All over the world, small business owners are spending
thousands of dollars on building and maintaining web sites
without being able to answer one big question: What do you
want your web site to do?
Creating a web site without a marketing strategy can be an
expensive and time-consuming mistake. Here's an
illustration from the more familiar world of paper and
postage. Imagine that you hired a graphic designer, printed
5000 four-color tri-fold brochures, and when the boxes
arrived, you asked yourself, "Gee, what shall I do with
these?"
That scenario may sound a bit embarrassing as it stands,
but let's take it further. Suppose the first idea that
occurs to you is mailing your new brochure to a list of 500
names you collected by exhibiting at a trade show. But then
you realize that you didn't design the brochure as a self-
mailer -- all 6 panels are filled with graphics and copy.

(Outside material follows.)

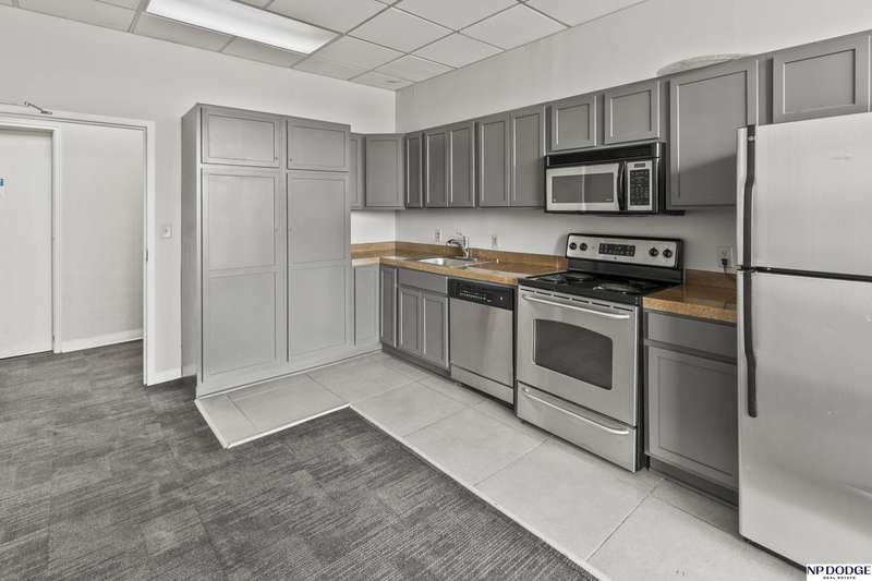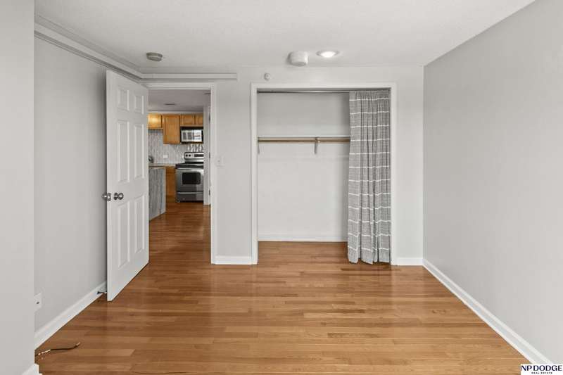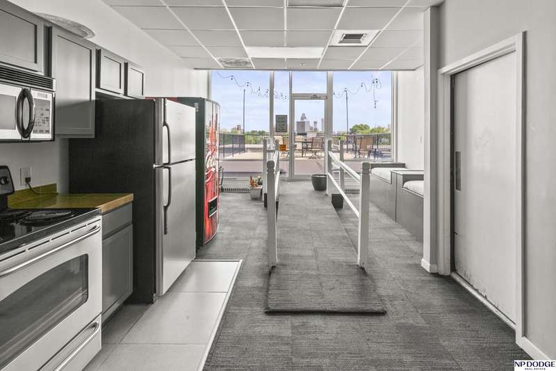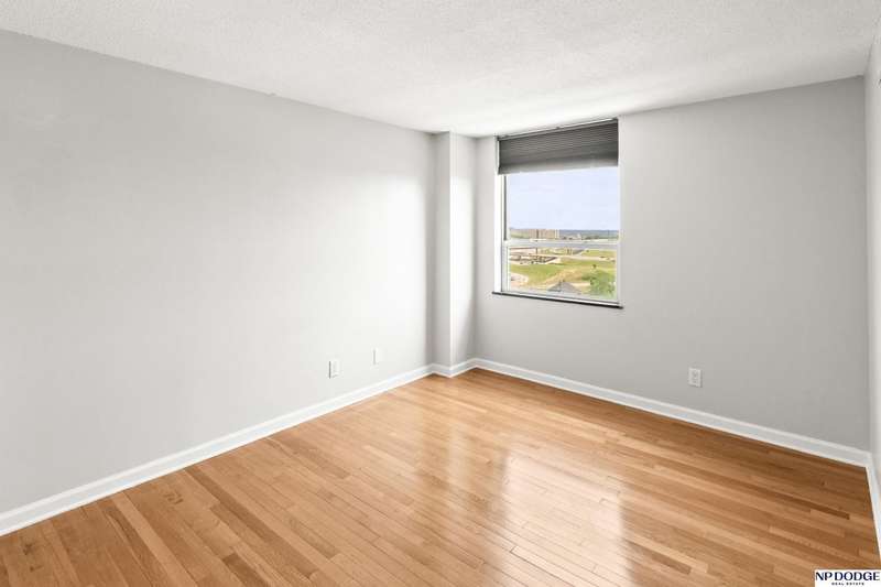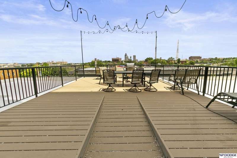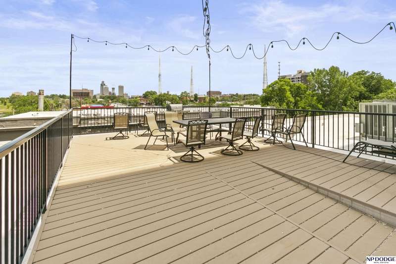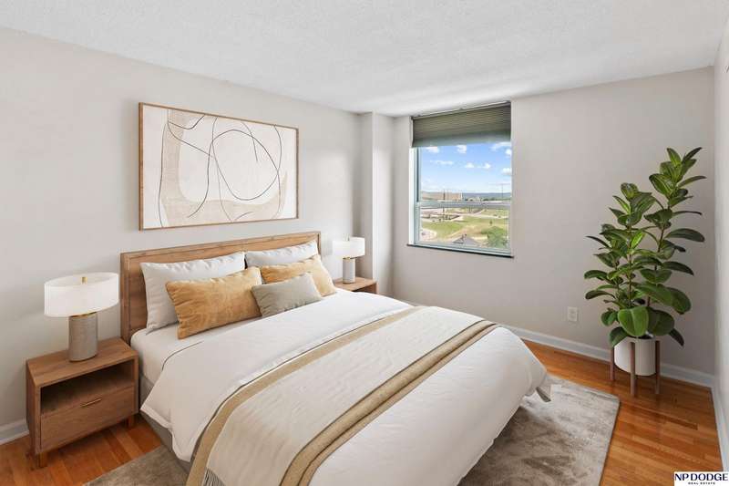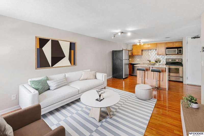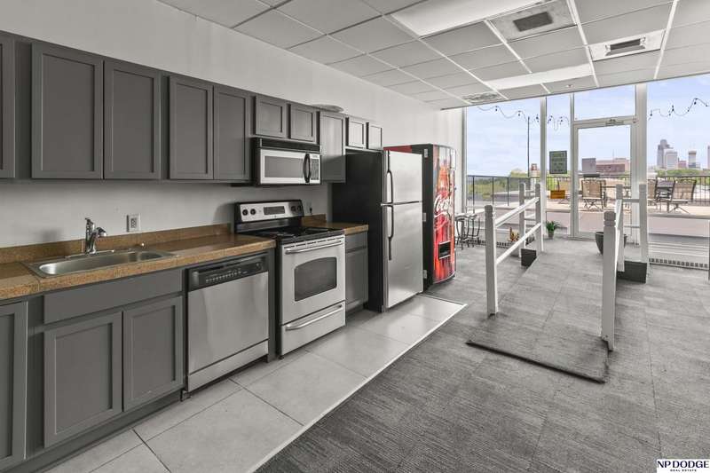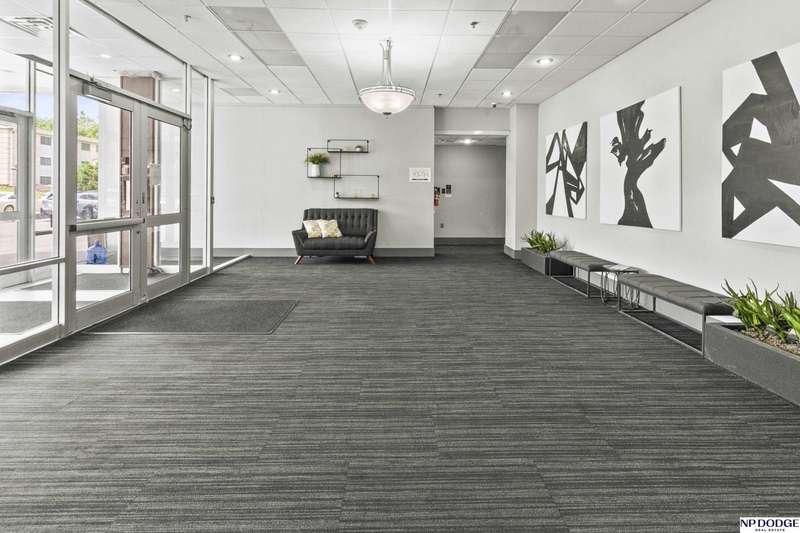 This open-concept corner unit condo features one bedroom, one bathroom, and one underground parking spot. Facing east, you'll enjoy a stunning view of downtown Omaha. The kitchen boasts a gorgeous granite waterfall countertop, trendy backsplash, stainless steel appliances, and accent shelving. The updated bathroom includes a bath/shower combo. Amenities include access to a fitness center, secured entry, free laundry on each floor, and a rooftop patio with a grill and shared kitchen. Water, gas, sewer, trash, and heating/AC are covered by the HOA. Just minutes from UNMC, Creighton, Blackstone, UNO, and downtown. AMA

To mail your brochure, you will now need 500 envelopes. Of
course you want to use the ones printed with your address
and logo, but how much do those cost a piece? And do you
have 500 in stock? What will be the cost in money or time
to get envelopes printed, addressed, and stuffed? How long
will all this take? Was any of this in your budget when you
had the brochures printed?
The brochure example can tell us much about what goes wrong
in creating web sites. Many sites are constructed to be
simply electronic brochures. Entrepreneurs often get their
sites designed by sending their printed brochure to a web
designer, and saying, "Put this on the Web."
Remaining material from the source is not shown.